(What you need to do) Give again, word for word, each line below starting at the one that contains "DS2045W 3.3V Single-Piece" and ending at the one that contains "Изготовлено из ювелирного".

(Data section)
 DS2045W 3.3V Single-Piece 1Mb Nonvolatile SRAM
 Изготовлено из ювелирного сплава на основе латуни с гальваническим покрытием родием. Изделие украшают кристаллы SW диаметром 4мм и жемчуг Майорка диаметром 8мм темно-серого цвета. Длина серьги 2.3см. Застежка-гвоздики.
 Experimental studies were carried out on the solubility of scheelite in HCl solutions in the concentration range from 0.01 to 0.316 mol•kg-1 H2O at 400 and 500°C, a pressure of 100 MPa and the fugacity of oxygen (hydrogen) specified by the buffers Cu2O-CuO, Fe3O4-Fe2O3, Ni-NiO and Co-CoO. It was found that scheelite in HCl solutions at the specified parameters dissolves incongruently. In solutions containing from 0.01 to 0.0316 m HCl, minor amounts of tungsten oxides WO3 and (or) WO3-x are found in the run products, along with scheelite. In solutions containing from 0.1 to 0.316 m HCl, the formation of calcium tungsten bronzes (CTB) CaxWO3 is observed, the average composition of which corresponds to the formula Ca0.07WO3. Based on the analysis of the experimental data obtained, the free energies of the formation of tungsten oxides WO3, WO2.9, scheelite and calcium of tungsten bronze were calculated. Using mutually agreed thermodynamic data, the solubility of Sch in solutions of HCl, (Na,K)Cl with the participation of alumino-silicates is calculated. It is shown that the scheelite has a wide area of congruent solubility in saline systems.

--

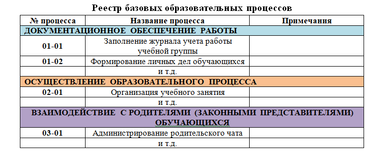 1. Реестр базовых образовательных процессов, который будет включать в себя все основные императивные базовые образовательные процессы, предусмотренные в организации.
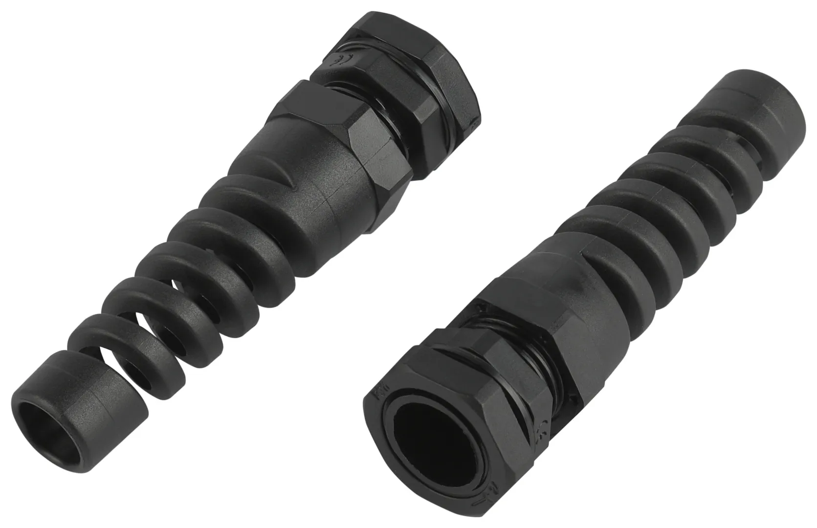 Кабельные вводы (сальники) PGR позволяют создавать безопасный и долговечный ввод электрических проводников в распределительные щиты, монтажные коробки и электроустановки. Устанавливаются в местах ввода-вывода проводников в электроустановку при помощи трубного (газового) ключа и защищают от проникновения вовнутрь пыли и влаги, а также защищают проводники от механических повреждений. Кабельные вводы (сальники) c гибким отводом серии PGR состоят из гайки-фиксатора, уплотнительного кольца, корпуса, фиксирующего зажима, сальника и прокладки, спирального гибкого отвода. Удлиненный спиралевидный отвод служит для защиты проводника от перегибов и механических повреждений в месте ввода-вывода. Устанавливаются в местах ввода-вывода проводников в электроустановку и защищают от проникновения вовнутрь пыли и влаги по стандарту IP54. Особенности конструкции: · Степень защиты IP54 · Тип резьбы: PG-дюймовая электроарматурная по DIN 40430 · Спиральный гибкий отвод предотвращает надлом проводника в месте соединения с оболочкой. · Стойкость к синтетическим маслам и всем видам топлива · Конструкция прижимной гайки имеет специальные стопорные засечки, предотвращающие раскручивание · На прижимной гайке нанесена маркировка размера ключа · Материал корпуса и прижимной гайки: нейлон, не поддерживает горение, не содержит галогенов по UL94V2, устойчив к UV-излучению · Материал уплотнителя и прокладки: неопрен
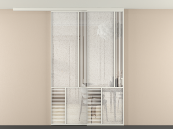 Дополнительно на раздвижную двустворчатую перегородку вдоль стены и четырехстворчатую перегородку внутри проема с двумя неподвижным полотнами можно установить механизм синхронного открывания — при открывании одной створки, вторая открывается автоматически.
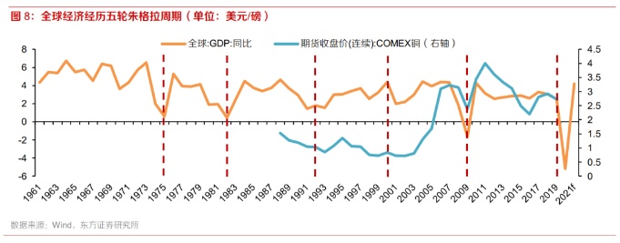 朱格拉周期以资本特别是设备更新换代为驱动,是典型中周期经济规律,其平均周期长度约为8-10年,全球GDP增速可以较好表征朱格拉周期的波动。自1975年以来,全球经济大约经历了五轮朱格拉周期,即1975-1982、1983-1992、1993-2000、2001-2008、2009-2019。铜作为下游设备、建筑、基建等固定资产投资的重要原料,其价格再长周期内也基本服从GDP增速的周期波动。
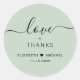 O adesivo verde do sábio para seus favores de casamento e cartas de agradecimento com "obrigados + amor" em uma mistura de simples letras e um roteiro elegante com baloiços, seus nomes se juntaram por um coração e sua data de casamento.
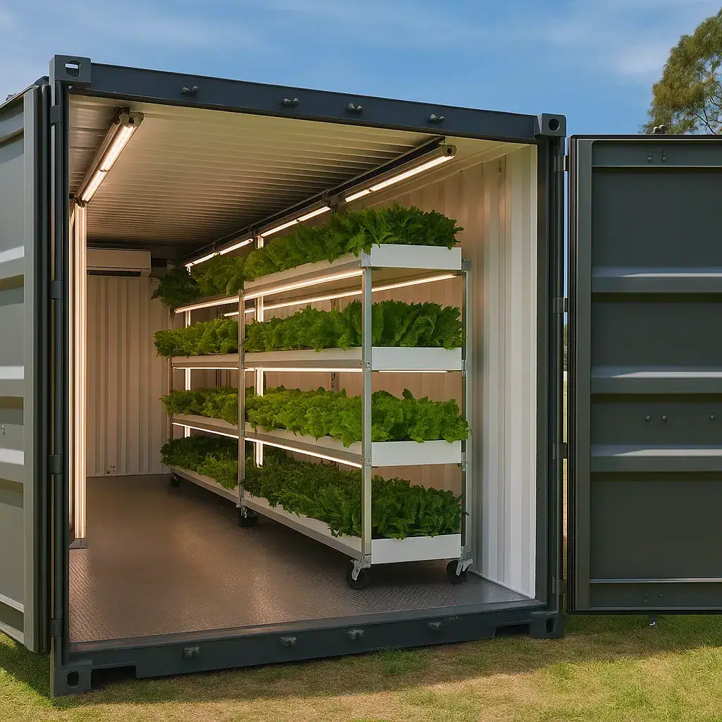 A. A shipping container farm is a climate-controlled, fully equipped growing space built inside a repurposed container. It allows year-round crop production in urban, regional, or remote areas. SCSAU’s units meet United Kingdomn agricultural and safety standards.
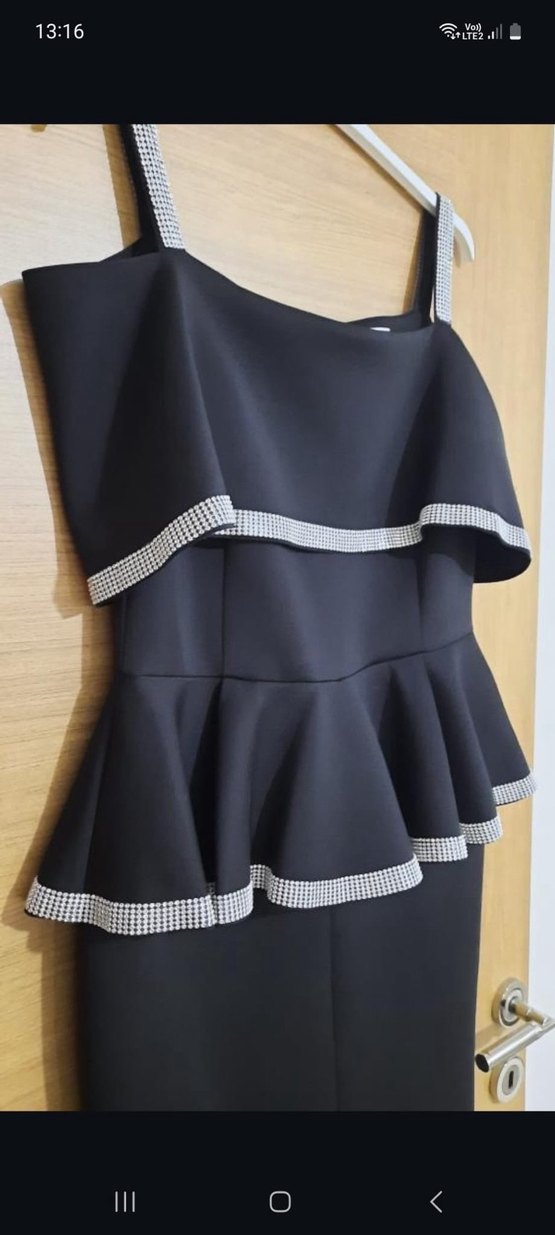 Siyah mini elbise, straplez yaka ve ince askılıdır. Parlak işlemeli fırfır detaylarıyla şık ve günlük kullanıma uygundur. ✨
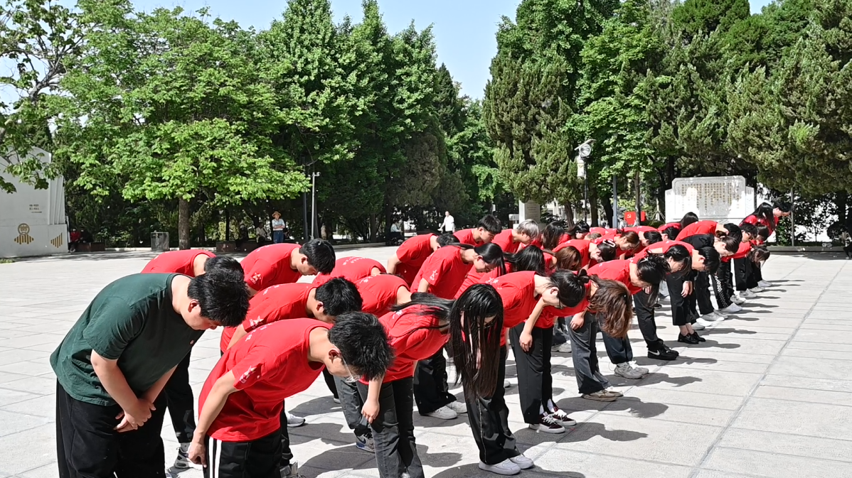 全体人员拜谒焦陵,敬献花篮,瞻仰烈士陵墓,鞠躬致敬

...

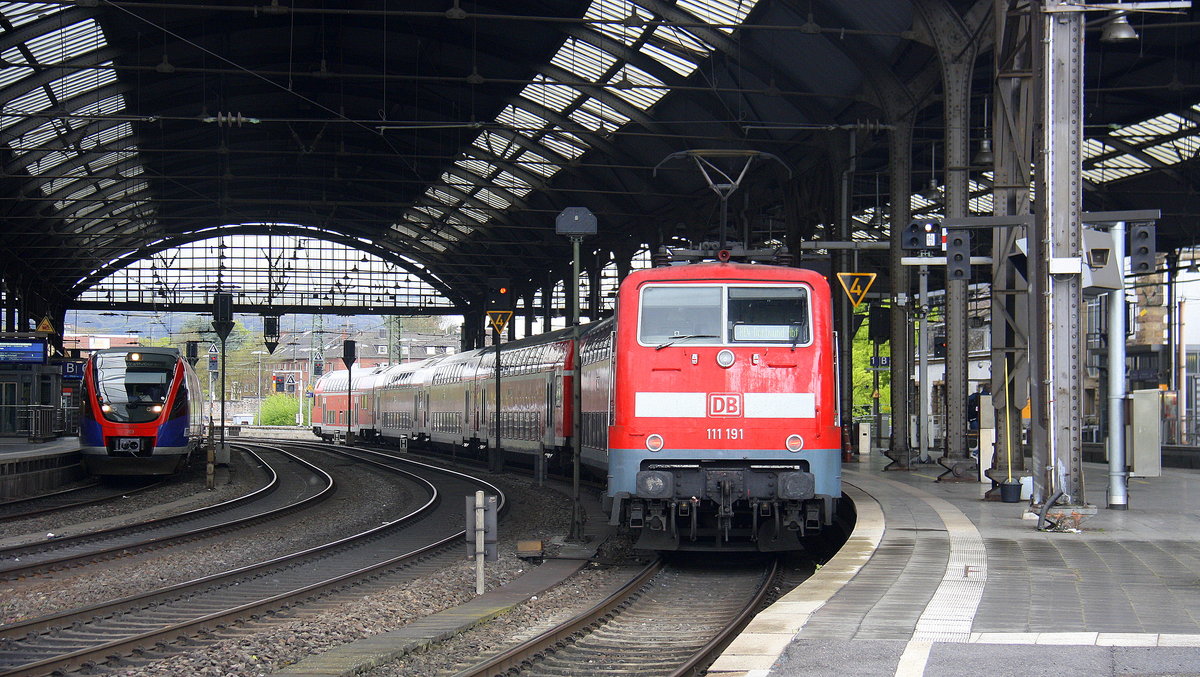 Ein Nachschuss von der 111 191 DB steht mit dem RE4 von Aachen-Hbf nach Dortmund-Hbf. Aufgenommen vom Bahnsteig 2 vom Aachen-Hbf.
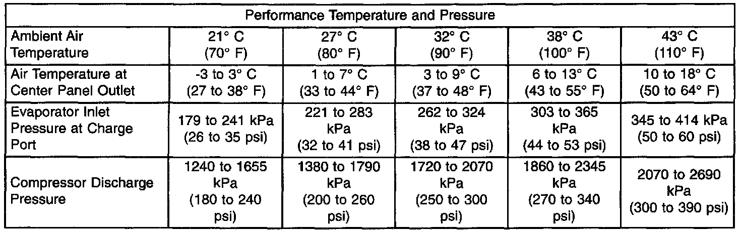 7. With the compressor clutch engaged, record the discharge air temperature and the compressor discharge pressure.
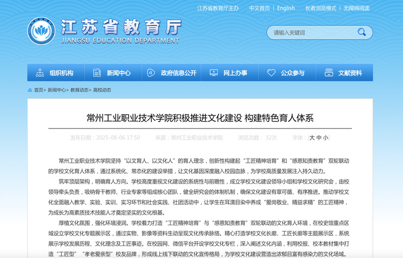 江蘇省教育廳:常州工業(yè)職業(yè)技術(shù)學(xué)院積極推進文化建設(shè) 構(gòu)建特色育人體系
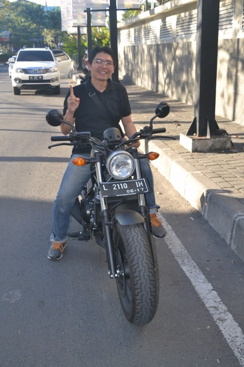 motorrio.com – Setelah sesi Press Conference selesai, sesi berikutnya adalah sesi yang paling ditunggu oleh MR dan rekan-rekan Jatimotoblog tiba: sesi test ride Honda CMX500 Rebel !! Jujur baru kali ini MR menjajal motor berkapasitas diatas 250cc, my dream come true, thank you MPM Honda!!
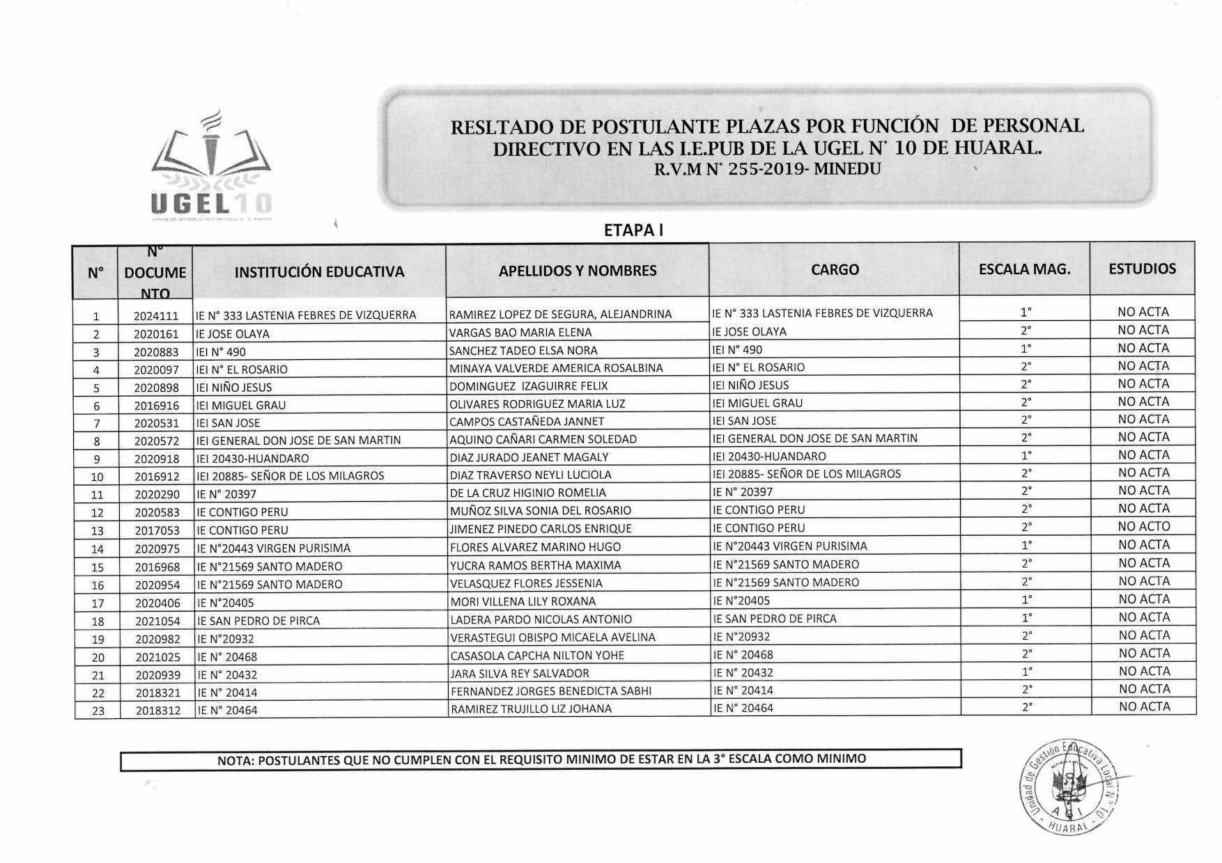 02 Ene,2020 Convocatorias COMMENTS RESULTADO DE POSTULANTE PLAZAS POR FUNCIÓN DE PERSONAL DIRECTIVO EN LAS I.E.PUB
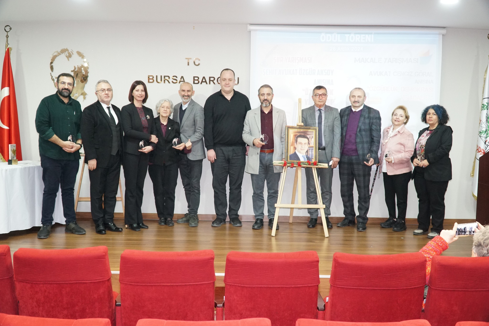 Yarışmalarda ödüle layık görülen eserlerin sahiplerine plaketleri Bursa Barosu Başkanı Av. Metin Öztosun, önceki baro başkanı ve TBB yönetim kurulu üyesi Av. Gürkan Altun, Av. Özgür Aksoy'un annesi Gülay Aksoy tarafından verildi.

(Task answer)
 DS2045W 3.3V Single-Piece 1Mb Nonvolatile SRAM
 Изготовлено из ювелирного сплава на основе латуни с гальваническим покрытием родием. Изделие украшают кристаллы SW диаметром 4мм и жемчуг Майорка диаметром 8мм темно-серого цвета. Длина серьги 2.3см. Застежка-гвоздики.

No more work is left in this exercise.